I would like to plot a Graphics3D object using a fisheye view like, for example, the equidistant fisheye described here, where the distance R of a point from the centre of the image is proportional to the angles θ between the points in the real 3-dim scene: R = f×θ.
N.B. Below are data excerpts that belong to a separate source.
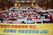 브릿지저널 정보영 기자 | 지난 12월 17일 국회의원회관 대회의실에서 김형동 국회의원과 임미애 국회의원이 공동 주최한 ‘경상북도 국립․공공의대 설립 국회토론회’가 열렸다. 이날 토론회에는 이철우 경상북도지사, 권기창 안동시장 등 지자체 주요 인사와 경상북도 국립의과대학 설립 범시도민단을 포함한 시민단체 관계자 등 약 450명이 참석해 경북 지역 의료 여건과 국립의과대학 설립 필요성에 대한 논의를 이어갔다. 또한 권오을 국가보훈부 장관, 김도읍 국민의힘 정책위원회 의장, 김영호 더불어민주당 교육위원회 위원장 등 여야 의원 30여 명이 참석해 경북 국립의대 설립에 대한 관심을 보였다. 1부 개회식에서는 참석자들이 ‘경북 도민의 염원, 국립․공공의대 설립’이라는 문구가 적힌 손팻말을 들고 지역 의료 현안에 대한 공감의 뜻을 함께 표현했다. 2부에서는 유천 국립목포대 의과대학설립추진단 부단장이 ‘전남 국립의대 설립 현황 및 계획’을, 정태주 국립경국대학교 총장이 ‘경북도 국립․공공의대 설립의 필요성과 추진 방향’을 주제로 발표했다. 이어진 토론에서는 정태주 총장이 좌장을 맡고 김윤 국회의원,
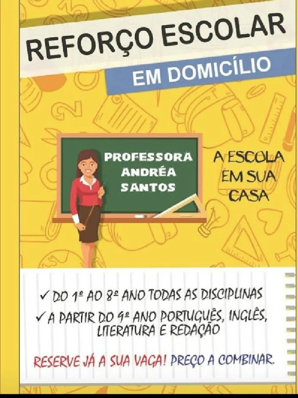 Há 20 anos trabalhando com reforço escolar. Graduação em letras português-inglês na Ufal e pós-graduada em língua portuguesa, literatura e inglês. Cursando pós em neuropsicopedagogia. Ligue já:
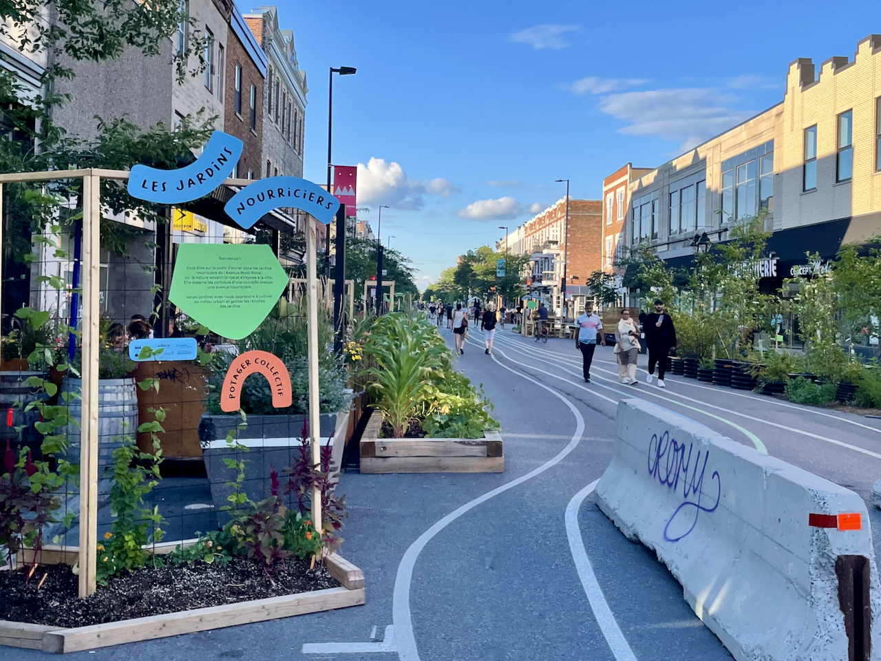 L'avenue Mont-Royal a mis en place une superbe initiative pour verdoyer l'espace piétonne/cycliste qu'est l'avenue pendant la saison estivale. Un jardin ouvert et comestible a été emménagé sur la rue, recueillant toutes sortes de plantes aromatiques et de fruits et de légumes. Les jardins nourriciers sont sous la gestion d'Humanicité, un groupe d'étudiantes de l'Institut national d'agriculture biologique du Cégep de Victoriaville et de l'École de design de l'UQAM, avec l'accompagnement de Fertiles et le réseau multisectoriel d'agriculteurs urbains Cultiver Montréal.
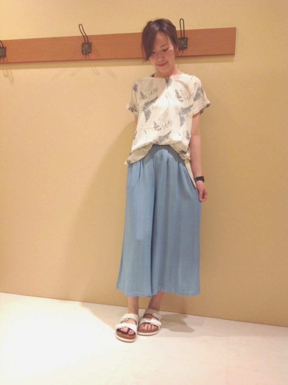 ボタニカルプリントのブラウスで夏感あっぷ(*^^*) パンツの素材がテロっとしていて肌触りが良いのでお気に入りです♡ 実はこれセットアップでトップスもあるので、その内のせます♪
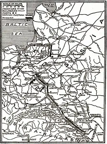 Le chef d'état-major Conrad von Hötzendorf avait pour objectif d'entrer en Pologne pour couper la ligne stratégique de ravitaillement Varsovie-Kiev, la première armée austro-hongroise s'avance, soutenue par la quatrième armée.
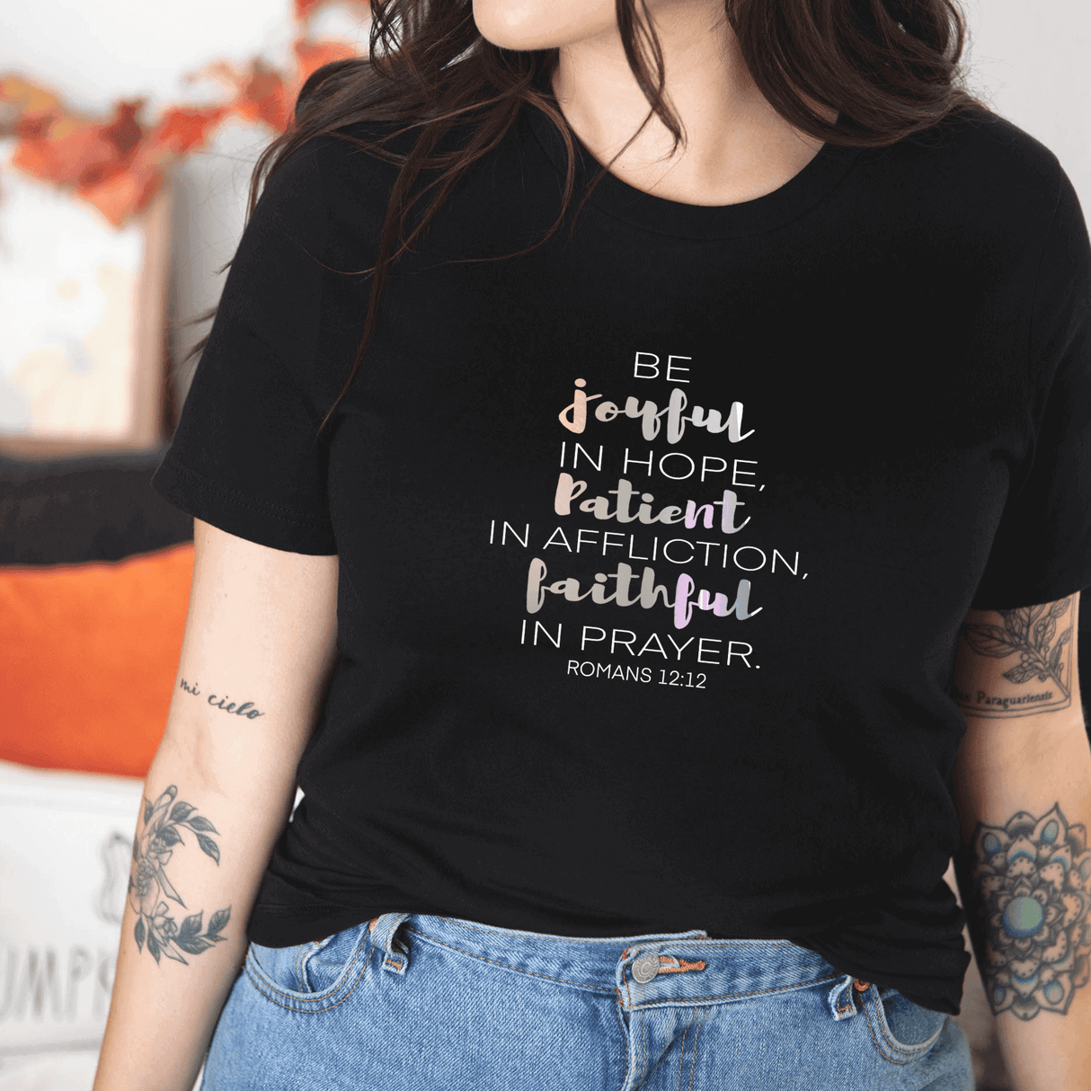 La camiseta "Sé alegre en la esperanza - Romanos 12:12" es un recordatorio diario de fe y positividad. Úselo para animar a otros o regálelo a alguien a quien le vendría bien un poco más de alegría y esperanza en su vida.
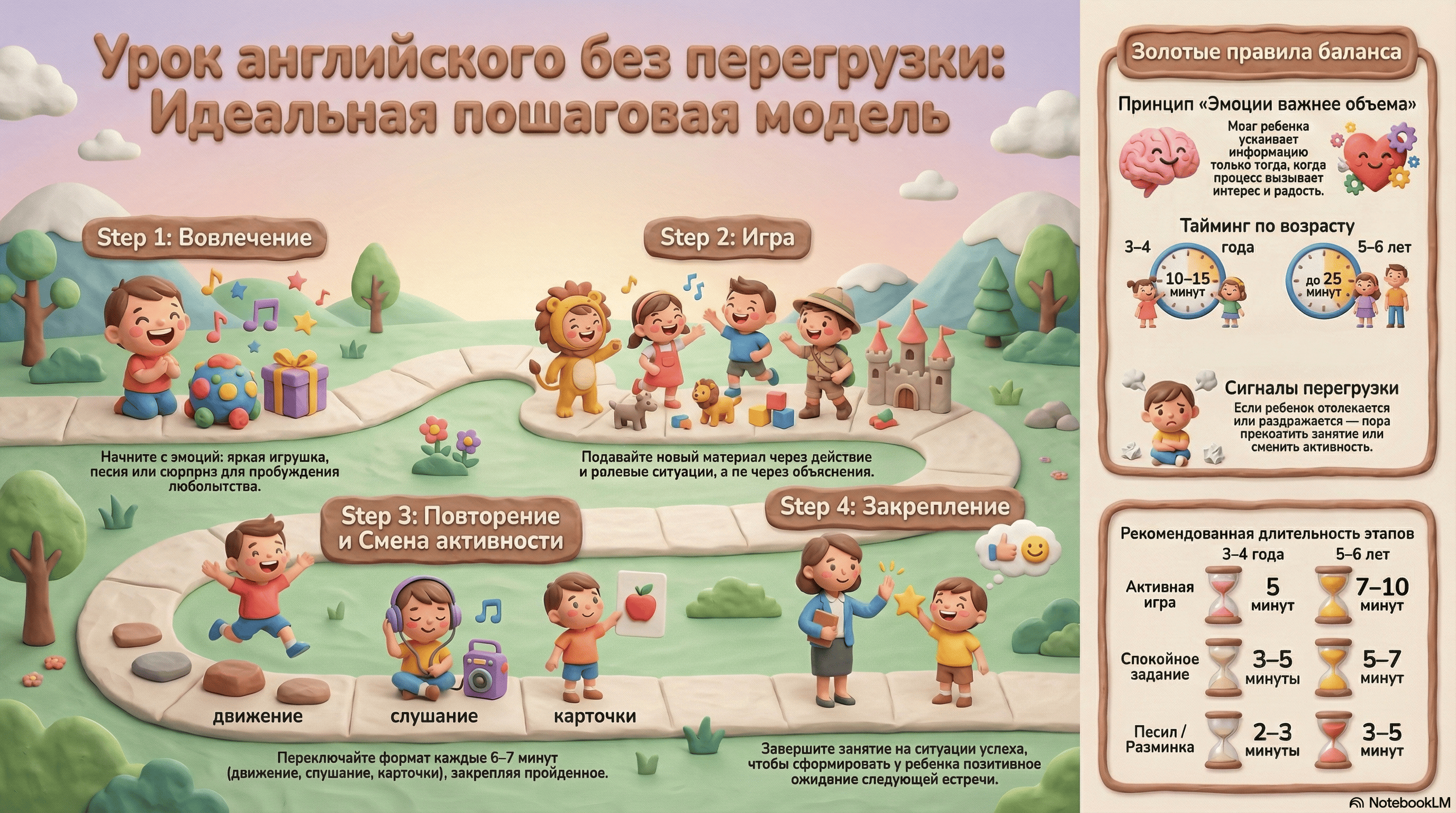 Также важна смена активности каждые 5–7 минут — это помогает поддерживать внимание и снижает утомляемость.
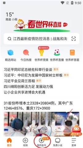 打开悟空浏览器首页,点击底部的“我的金币”。
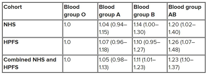较早的研究表明,A型血与高水平的LDL(“坏”)胆固醇有关,而AB型血与炎症相关,这些都是心脏病的危险因素。2012年,来自哈佛大学公共卫生学院的研究人员汇总了两项长期研究数据,在20年内追踪了89500名成年人,结果发现,与O型血的人相比:

For illustration, let's take the Graphics3D object produced by the following Mathematica code

paraboloid[a_, u_, nu_] := {a Sqrt[u] Cos[nu], a Sqrt[u] Sin[nu], u}
a = 10;
h = 20;
gr1 = ParametricPlot3D[paraboloid[a, u, nu], {nu, 0, Pi}, {u, 0, h}];
gr2 = Graphics3D[Table[
        Rotate[Cuboid[## - {1, 1, 0}, ## + {1, 1, 2}], nu, {0, 0, 1}, ##]&
            [paraboloid[a, u, nu]], 
      {nu, 0, Pi, Pi/20}, {u, 2, h, 2}]];
Show[gr1, gr2, ViewPoint -> {0, -0.5, 0}]

which produces some sort of paraboloid amphitheatre in usual perspective as follows

enter image description here

How can I view the same scene using a fisheye view instead of the usual perspective?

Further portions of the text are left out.